RNA and molecular biology

RNA and molecular biology

Research into RNAs (ribonucleic acids) is essential to discovering the causes of MND and developing novel therapeutic strategies including personalised/precision medicine.

DNA and RNA

The genetic master plan of every living cell is contained within its DNA (deoxyribonucleic acid) and its subunits, the genes. In order to make use of genetic information, copies are produced in the form of RNAs (ribonucleic acids) in a process called transcription.

RNAs are very diverse molecules and can serve either as an instruction for the translation of the RNA into a protein or as enzymatic, regulatory or structural molecules in their own right (i.e. protein-coding and non-coding RNAs, respectively).

RNA and Motor Neurone Disease

The amounts and sequences of several thousands of RNA molecules are altered in the most common subtypes of MND (C9ORF72, SOD1, TARDBP/TBP-43, FUS). However, the proportion and the identity of those abnormal RNA changes that cause motor nerve injury remains largely unknown. In addition, how the downstream functional effects of the abnormal RNA changes has on making proteins, the cell’s building blocks, is also poorly understood. Most changes are likely to have occurred not as a cause but as a consequence of previous dysregulations. Thus, the challenge is to find which disease-changed amounts of RNAs and proteins trigger MND onset and progression.

RNA-rich biomolecular condensates and MND

Cells have to coordinate a large number of biochemical reactions. They do so by segregating molecules into organelles many of which form via biological phase separation, like oil separates from water. Resultant biomolecular condensates are usually rich in RNA and act as “microreactors” and accurate sensors of changes in the cell environment thereby helping cells to cope with stress. Their homeostasis is especially important in large, long-living cells neurons. In neurodegeneration, e.g. MND, components of biocondensates are affected by mutations and are found within pathological protein aggregates. As a result, the entire biocondensate network collapses.

Our research

We identify all disease-changed RNA molecules using next generation RNA sequencing in transcriptomics studies and a novel translatome approach, which allow measuring changes in RNA molecules associated with ribosomes, the protein factories. Our aim is to identify all abnormal RNA molecules that cause MND in order to provide new gene therapy, drug and peptide targets for the development of novel therapeutic strategies for neuroprotection. We use a variety of biochemistry, molecular and cellular biology technologies in cell and animal models (Drosophila, mice) as well as in patient-derived motor neurons and post-mortem human brains to carry out these investigations. We also use in vitro systems, purifying recombinant proteins and radioactively-labelling RNAs for the reconstitution of protein: RNA complexes which reveal detailed molecular and structural mechanisms causing RNA defects.
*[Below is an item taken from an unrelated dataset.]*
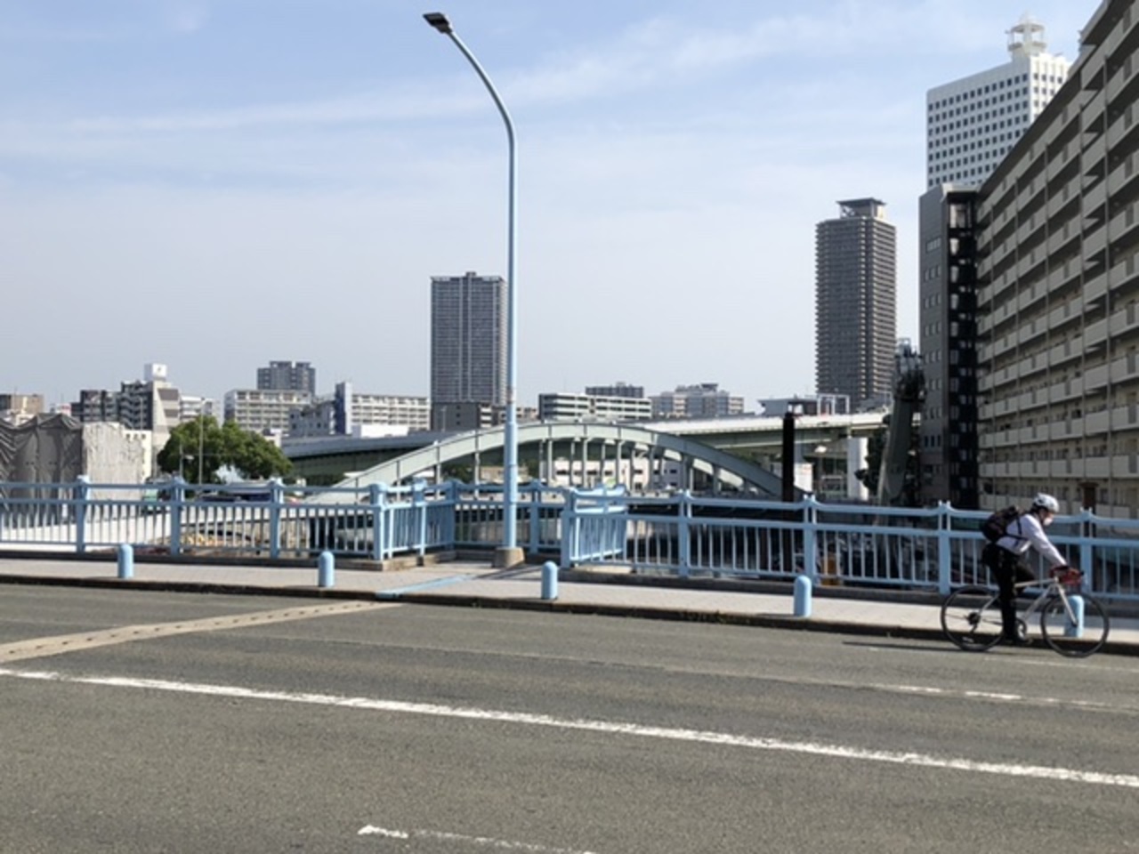 コロナの影響でかなり自粛してましたが、やむを得ぬ仕事で大阪に出張できたさいに、近くで用事あり、この橋を渡りました。水色に手すりが塗られた可愛らしいはしで、プレートにきつかわばしと書いてあります。

Modelling disease-associated phase separation

We use multiple tools to model, research and therapeutically modulate abnormal phase-separated structures in MND, both in cells and in the test tube.  For example, we use plant proteins (e.g. Cry2) that, when attached to disease-linked RNA-binding proteins, cause their phase separation in human cells after stimulation with blue light. This high-controllable system that does not require chemicals allows us to induce phase separation and pathological aggregation on-demand and study their effects on neuronal homeostasis.

Therapeutic modulation of RNA with small molecule drugs

Traditional, protein-focused small molecule drug discovery poorly covers the protein components of biomolecular condensates that are largely ‘unstructured’. Recently RNA targeting by small molecules has gained more traction, and we are using this state-of-the art approach for therapeutic targeting of RNA-rich phase separated structures in neurodegeneration. RNA-centric approach allows therapeutic modulation of both protein-coding and non-coding RNA thereby greatly expanding the “druggable genome”.

Developing gene therapy medicinal products

The identification of disease-changed RNA and protein amounts or abnormal RNA:protein contact is restored to normal physiological levels using gene therapy approaches, which allow engineering the genetic make-up of harmless adeno-associated virus to increase or reduce the amounts of disease-changed RNAs of interest involved in the neurodegenerative process. The therapeutic efficacy and safety of these virus is further tested via injection into the cerebrospinal fluid of mouse models, prior to taking the most promising academic discoveries made in the lab in further development on the translational path for clinical trials.